EXERCISE PROMPT |
Whenever a picture appears, leave it out while repeating all the other data exactly.

SUPPLIED DATA |
____

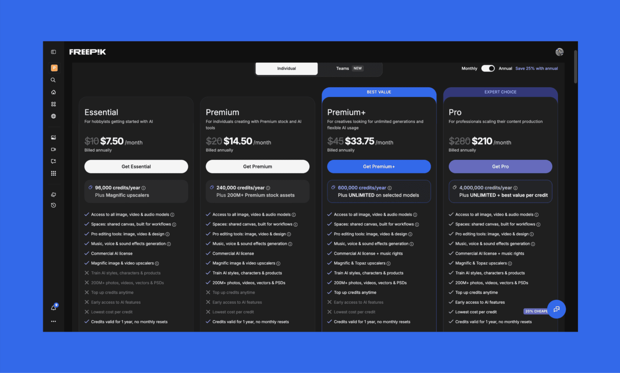*Note: This is the Freepik pricing as per yearly billing. The monthly billing is ~25% costlier for each plan.
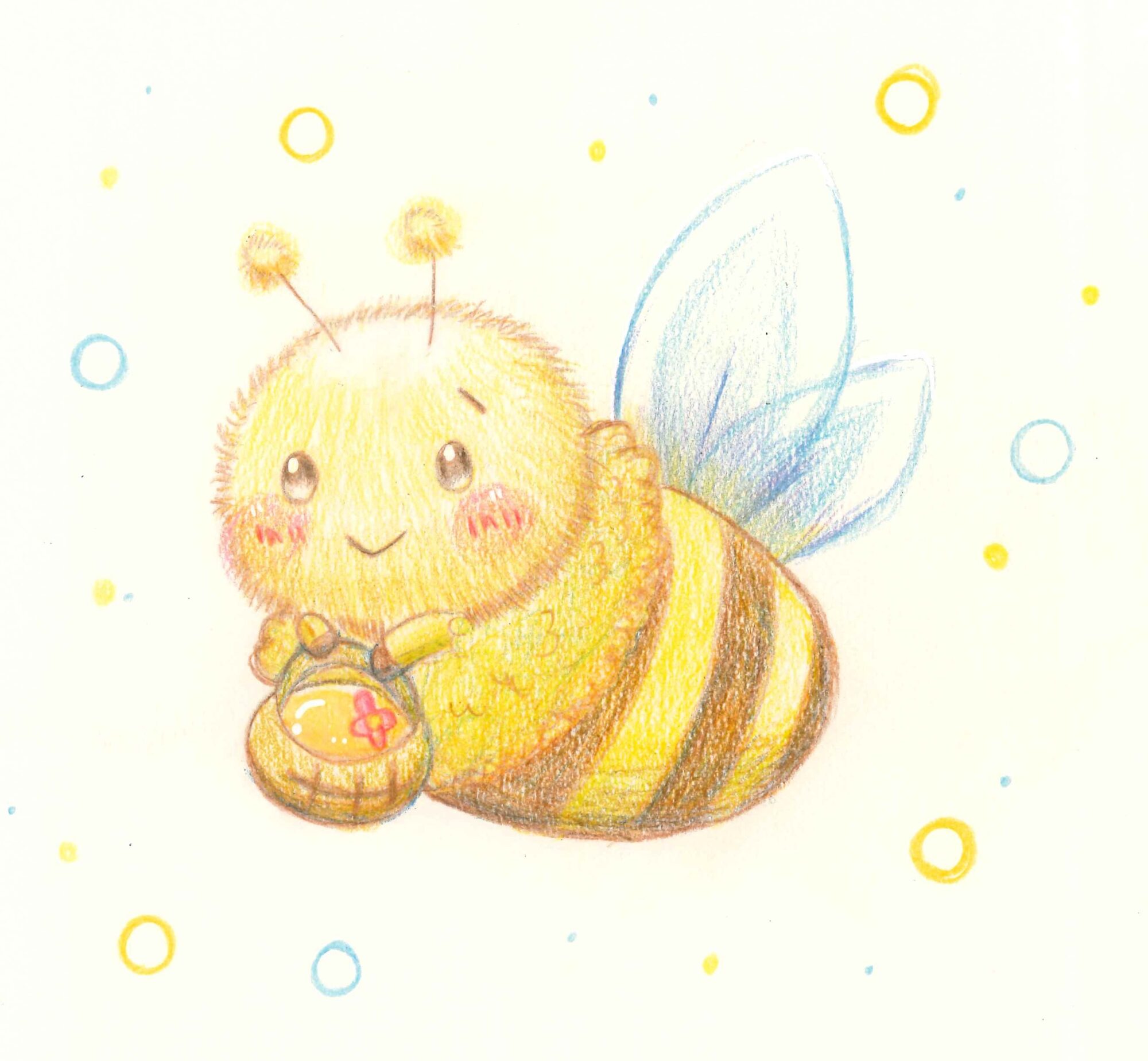 今回のイラストは、はちみつを運ぶほわほわなはちさんを描いてみました。
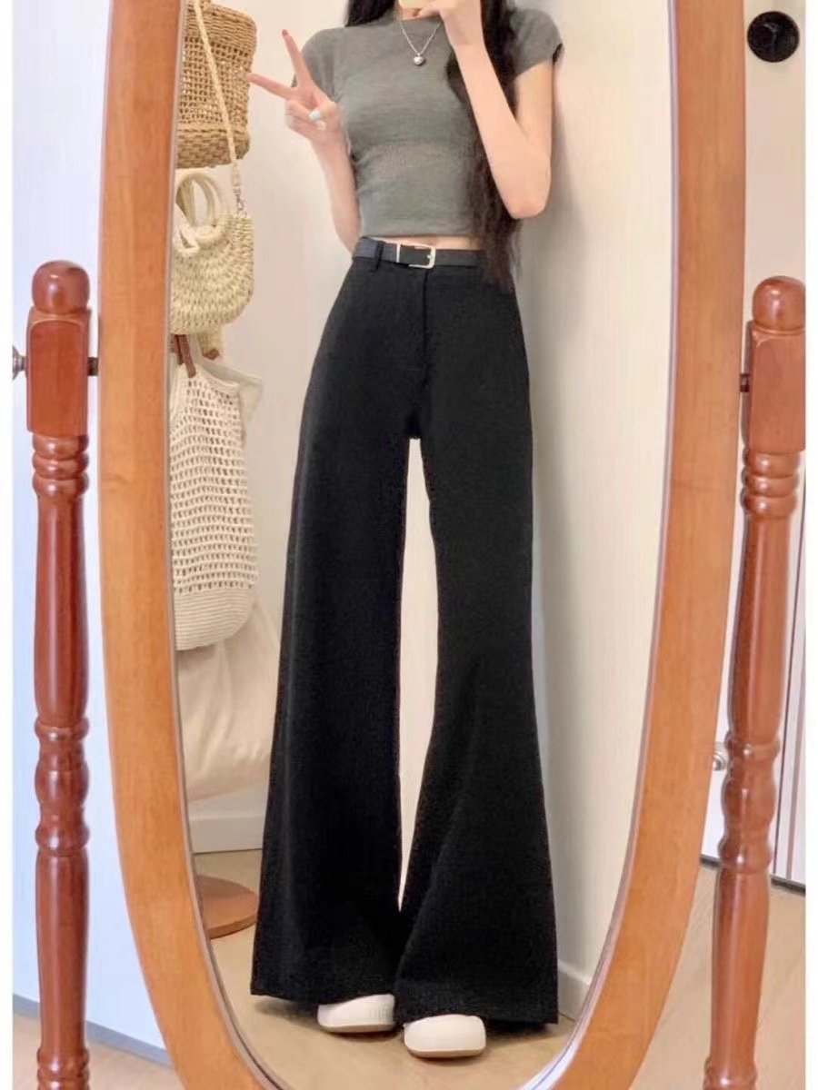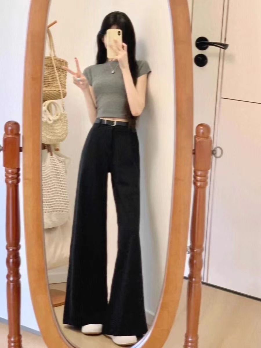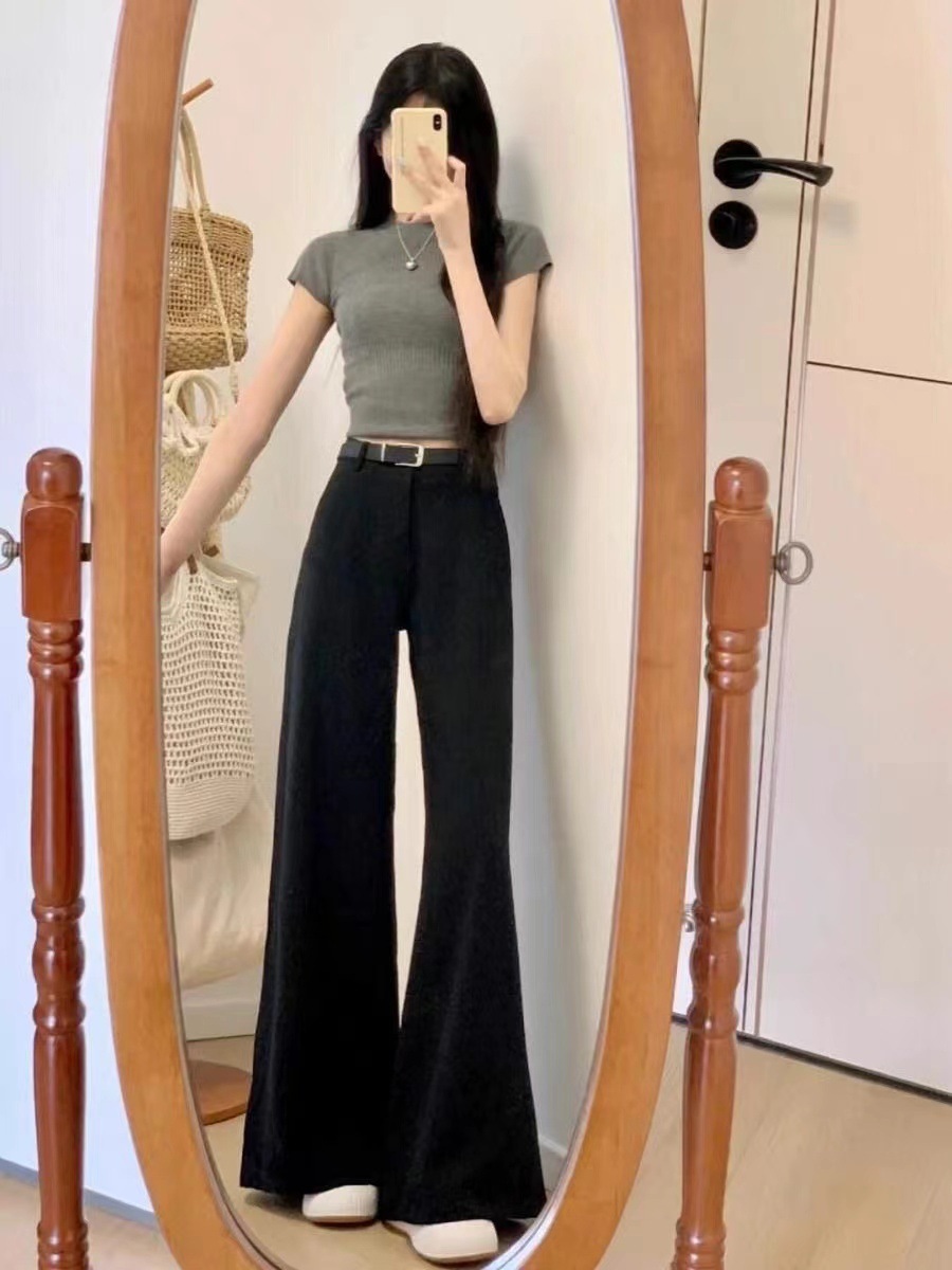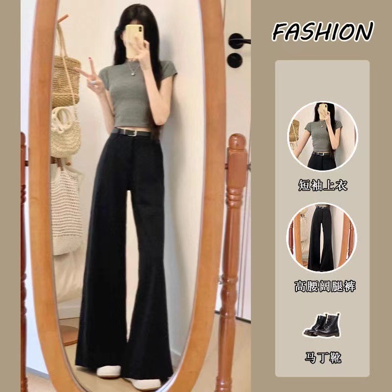세트 여자 2025 년 여름 새로운 순수한 욕망 뜨거운 소녀 슬림 핏 반팔 티셔츠 탑 하이 허리 와이드 레그 바지 투피스 세트
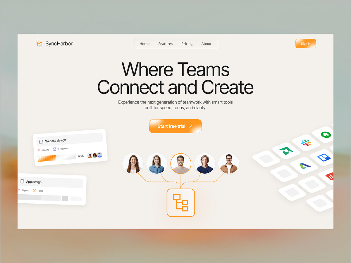 Team Collaboration Website Design Concept crafted with a modern and minimal style to help teams communicate better, manage workflows faster, and stay connected in one smart platform, featuring a clean hero section with bold messaging and strong call-to-action, collaboration-focused visuals, productivity stats to build trust, feature showcase cards for real-time teamwork tools, integration sections for connected workflows, simple and attractive pricing plans for easy decisions, testimonial areas for credibility, and a fully user-friendly layout designed to deliver a smooth experience across devices, with the main goal of creating a professional, efficient, and visually engaging SaaS website that empowers remote and growing teams to achieve more together through thoughtful UI/UX design created in Figma.

____

OUTPUT |
*Note: This is the Freepik pricing as per yearly billing. The monthly billing is ~25% costlier for each plan.
 今回のイラストは、はちみつを運ぶほわほわなはちさんを描いてみました。
세트 여자 2025 년 여름 새로운 순수한 욕망 뜨거운 소녀 슬림 핏 반팔 티셔츠 탑 하이 허리 와이드 레그 바지 투피스 세트
 Team Collaboration Website Design Concept crafted with a modern and minimal style to help teams communicate better, manage workflows faster, and stay connected in one smart platform, featuring a clean hero section with bold messaging and strong call-to-action, collaboration-focused visuals, productivity stats to build trust, feature showcase cards for real-time teamwork tools, integration sections for connected workflows, simple and attractive pricing plans for easy decisions, testimonial areas for credibility, and a fully user-friendly layout designed to deliver a smooth experience across devices, with the main goal of creating a professional, efficient, and visually engaging SaaS website that empowers remote and growing teams to achieve more together through thoughtful UI/UX design created in Figma.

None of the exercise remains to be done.